Между Лактионом и Муравиным чаще всего возникает пререкание о преимуществах положения ремесленного и земледельческого. Перескакивая с предмета на предмет, этот диспут иногда доходит до высших материй, до вопроса о том, что будет и будет ли что «на том свете», можно ли рассчитывать на справедливое устройство жизни здесь, на земле, где вокруг богатства и довольства, как мелкая зыбь морская, копошится полуголодная и совсем голодная нищета, а в самой нищете раздор да свары, да темная злоба и непонимание: кто посильнее, норовит столкнуть рядом бредущего, вырвать кусок, подслужиться сытому, продать брата родного… Есть ли правда тут, где само небо не знает жалости, порой дышит беспощадным зноем, сухостью, горячим ветром истребляет труды и чаяния темной, копошащейся до изнурения рабочей массы?..
Работа идет и у Муравина, и у нас ни шатко, ни валко.
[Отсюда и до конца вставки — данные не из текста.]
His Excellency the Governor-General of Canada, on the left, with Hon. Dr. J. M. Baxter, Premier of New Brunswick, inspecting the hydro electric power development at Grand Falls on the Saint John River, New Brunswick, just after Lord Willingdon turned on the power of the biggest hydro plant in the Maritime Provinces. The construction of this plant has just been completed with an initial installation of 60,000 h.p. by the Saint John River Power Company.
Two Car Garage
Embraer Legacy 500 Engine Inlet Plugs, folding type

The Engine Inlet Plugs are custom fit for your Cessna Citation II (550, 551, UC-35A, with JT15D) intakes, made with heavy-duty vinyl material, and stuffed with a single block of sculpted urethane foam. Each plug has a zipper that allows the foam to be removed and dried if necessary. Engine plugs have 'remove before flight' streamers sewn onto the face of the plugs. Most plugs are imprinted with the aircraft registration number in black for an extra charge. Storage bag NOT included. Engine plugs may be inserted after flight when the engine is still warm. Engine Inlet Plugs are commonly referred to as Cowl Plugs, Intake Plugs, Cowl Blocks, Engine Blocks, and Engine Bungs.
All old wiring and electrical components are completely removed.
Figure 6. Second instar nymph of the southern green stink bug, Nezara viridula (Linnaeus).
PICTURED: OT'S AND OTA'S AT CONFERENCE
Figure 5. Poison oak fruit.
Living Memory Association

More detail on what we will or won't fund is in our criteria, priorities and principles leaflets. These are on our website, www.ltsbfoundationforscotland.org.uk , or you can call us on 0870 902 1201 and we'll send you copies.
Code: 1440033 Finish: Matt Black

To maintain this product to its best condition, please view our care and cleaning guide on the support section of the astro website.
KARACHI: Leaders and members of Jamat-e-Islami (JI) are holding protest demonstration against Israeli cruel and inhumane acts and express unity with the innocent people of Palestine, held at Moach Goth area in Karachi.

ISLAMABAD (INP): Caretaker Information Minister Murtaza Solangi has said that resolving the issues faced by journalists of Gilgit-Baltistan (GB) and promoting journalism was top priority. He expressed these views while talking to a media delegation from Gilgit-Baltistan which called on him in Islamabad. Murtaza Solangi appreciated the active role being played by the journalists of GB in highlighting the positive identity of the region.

По внешности, как будто обычная суета, деловитость, сосредоточенное напряжение, стук, свист, подгоняющие крики, задумчивая песенка… Радость труда… А все нет настоящего увлечения, не чувствуется захвата и вдохновенного жара, какой бывает, когда работа будит радостную гордость серьезными размерами, дает утешительное сознание особой плодотворности, обильных результатов… Нет упоения, нет восторга трудового…
У Муравина недород. Хлеба зажгло, колос пустой. В каком и есть зерно, — щуплое, тощее, сморщенное, не глядел бы… С таким хлебом спешить некуда, — работа легкая, сама поспеет. И молотить бы незачем, да солому надо перемять, чтобы на корм годилась.
У Лактиона работа тоже мало вдохновительная: забор вокруг палисадника, амбар и кое-какие поправки в доме. Конечно, Лактион создан не для такой работы. Он часто намекает мне, что он не какой-нибудь заурядный плотник, а мастер, артист, в душе которого тлеют великие порывания к красоте. Да я и сам чувствую это, и совесть немножко угрызает меня за то, что артисту я поручил сооружение какого-то ничтожного забора. Но, в сущности, та работа, на которую я поставил Лактиона, мне вовсе не была нужна, — он сам выпросил ее, убедил в ветхости забора, доказал необходимость сделать хоть небольшой амбар, в который мне нечего было сыпать, убедил переменить арку над крыльцом, пришедшую в ветхость. Он пустил в ход все свое красноречие, и я видел, что нужда прижала человека, — неурожай приостановил все постройки в станице.